Conclusions on Researcher Credibility
Overall, there’s clearly some pretty clear alignment with (at times extreme) rightwing viewpoints on the social media accounts of some of these folks. That said, their personal political bias doesn’t give me any real reason to doubt their technical ability or the accuracy of the datasets they compiled. At least two of the interviewees said that they’d cross-checked their data with various state voting databases as they gathered it real-time and that they matched closely. However, the absence of any online footprint for the Data Integrity Group and the lack of technical documentation or use of standard open source project-sharing practices is not reassuring.
Credibility of Claims
While this video is heavily-laden with different claims of “irregularities” in voting data, which the group claims overwhelmingly favor Biden, it’s very thin on actual evidence. There are a few graphs and charts presented in the first minute of the video, but the remaining 49 minutes are just spoken interviews with the Data Integrity Group team, who present some specific quantitative claims, a few vaguely technical statements and lots of speculation. I also watched a shorter video on Mealey’s Rumble page about Pennsylvania that has a few additional charts and claims and looks to be a precursor to the The Epoch Times piece.
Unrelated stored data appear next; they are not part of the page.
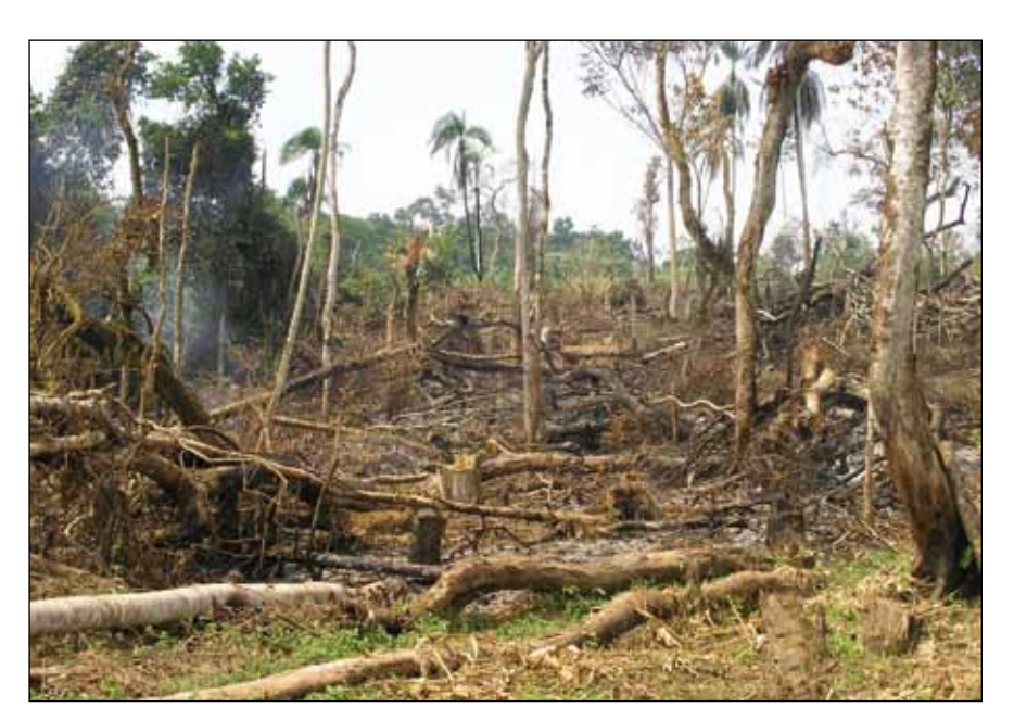
Destroying the forest for agricultural purposes, Uganda 2007

priorities, the forestry sector is often assigned low priority compared to food security, health, education, and other sectors. As a consequence, insufficient budgetary allocations are provided to the sector. Many African countries, in their day-to-day struggle to satisfy the most basic needs of their populations, are unable to take a long-term view, which is the time-frame, required for the successful implementation of sustainable forestry management programmes.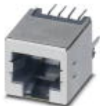
RJ45 socket insert, 1-way, for PCB mounting, CAT5e, 8-pos., shielded, with straight solder pins (THT)

RJ45 socket insert - CUC-V04-BU-180 - 1407409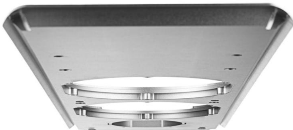
▽ A MASSIVE MACHINED ALUMINIUM FRONT BAFFLE IS THE NON-RESONANT PLATFORM USED TO HOUSE THE DRIVER UNITS.

craftsmanship is evident in the construction, as well as from the literature that comes with the speaker. It's a good read and obviously the result of a passionate company culture.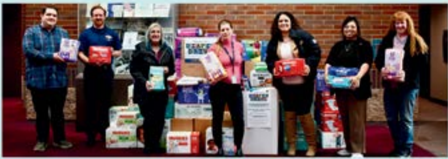
Small items, big impact! IAM 751 Members stepped up for the 'Do the Right Thing Nonprofit' diaper drive, collecting 8265 diapers and 4402 wipes for families who need them most. Thank you to every member who dropped off donations. When IAM 751 Members do better, we all do better in the communities we call home.

Broadly speaking, The Data Integrity Group’s claims in both videos can be broken down into three categories: i) suspicious decrements and switching of cumulative vote totals that systematically favor Biden, ii) an improbable distribution of votes across different voting precincts iii) the adjudication of votes in a Biden-friendly Georgia county having been done in a physically impossible amount of time.
Vote Pattern Irregularities (decrements and switching) in PA and GA
Since I was able to obtain the actual county-level datasets of running vote totals in Pennsylvania (PA) and Georgia (GA) that the group put together, I recreated the analysis they share in the videos and then conducted a more comprehensive assessment of vote tallies for both Trump and Biden in the two states. To validate their data, I cross-checked the final counts in their tables with publicly available vote totals (GA Sec. of State, NYT) in multiple counties to make sure things lined up, which they did, leading me to believe the data they compiled are likely to be (fairly) accurate.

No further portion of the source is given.